[Problem to work on]: Leaving out all pictures, return exactly the lines from the one that contains "応援に駆けつけてくれた支援団体の皆様" through the end of the data below.

---------- Material for this exercise

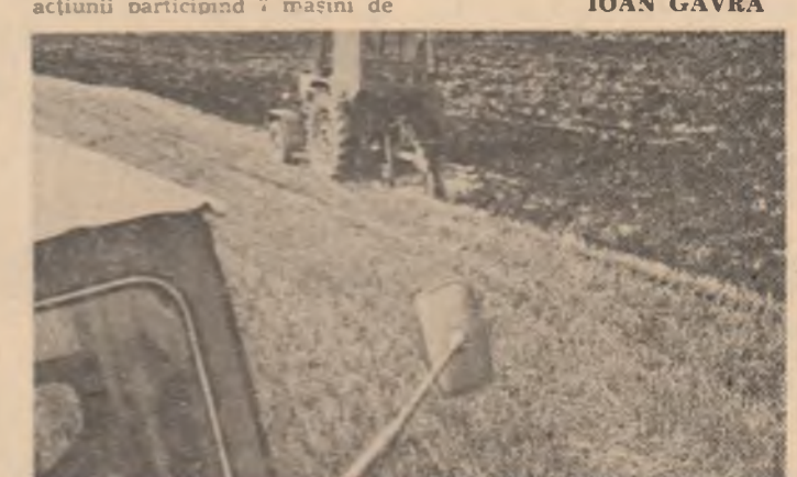
Arăturile adînci — o lucrare hotărîtoare pentru viitoarele recolte

La C.A.P. Sătmăreș, de exemplu, priciperea și hărnicia cooperativilor nu se dezmint.
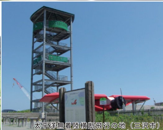
太平洋無着陸横断飛行の地（三沢市）
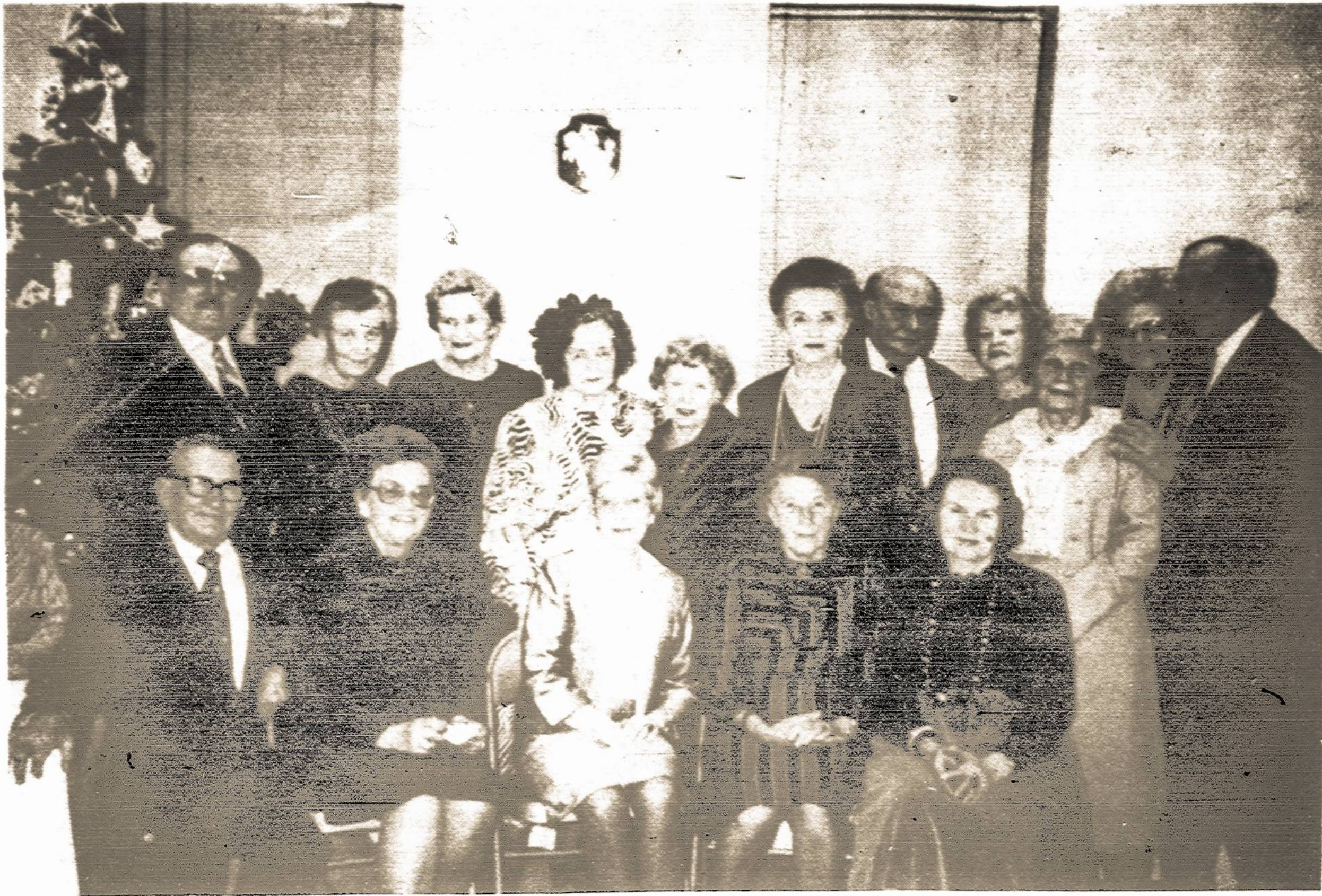
Per daugelį metų SLA Centre prie Kalėdinės Eglutės besivaisinant susirinkdavo pilnutėlė salė SLA narių ir kitų draugijų atstovų, taipogi ir nenarių, kurie vėliau

įsirašydavo į SLA. Toks susirinkimas buvo ir šįmet surengtas 99-tos Moterų Kuopos.
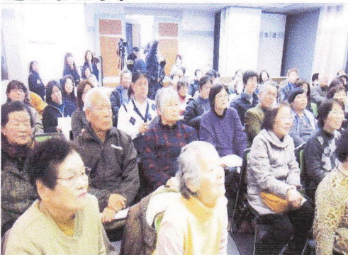
応援に駆けつけてくれた支援団体の皆様

今回、高松または東京の会場に来てくださった方、ありがとうございます。おかげさまで、無事に提訴報告会を終えることができました。しかし、これからが本番です。いつでもどこでも手話通訳がつくことを目指すだけでなく、裁判するにあたっての、原告への情報保障、そして傍聴者のための情報保障も求めています。障害に関係なく、安心して暮らせる社会の実現を目指して、共に頑張っていきましょう!
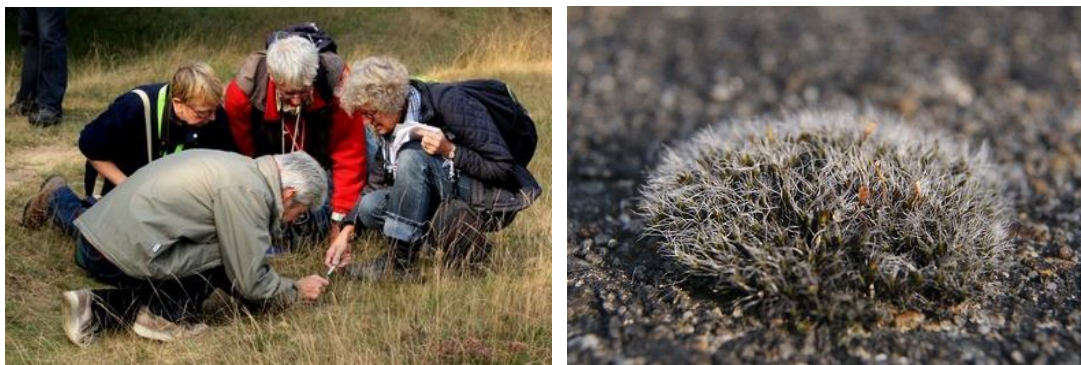
Toch heeft Arie ons enthousiast gemaakt.....en zilvermos

--------------------

[Your response]:
応援に駆けつけてくれた支援団体の皆様

今回、高松または東京の会場に来てくださった方、ありがとうございます。おかげさまで、無事に提訴報告会を終えることができました。しかし、これからが本番です。いつでもどこでも手話通訳がつくことを目指すだけでなく、裁判するにあたっての、原告への情報保障、そして傍聴者のための情報保障も求めています。障害に関係なく、安心して暮らせる社会の実現を目指して、共に頑張っていきましょう!
Toch heeft Arie ons enthousiast gemaakt.....en zilvermos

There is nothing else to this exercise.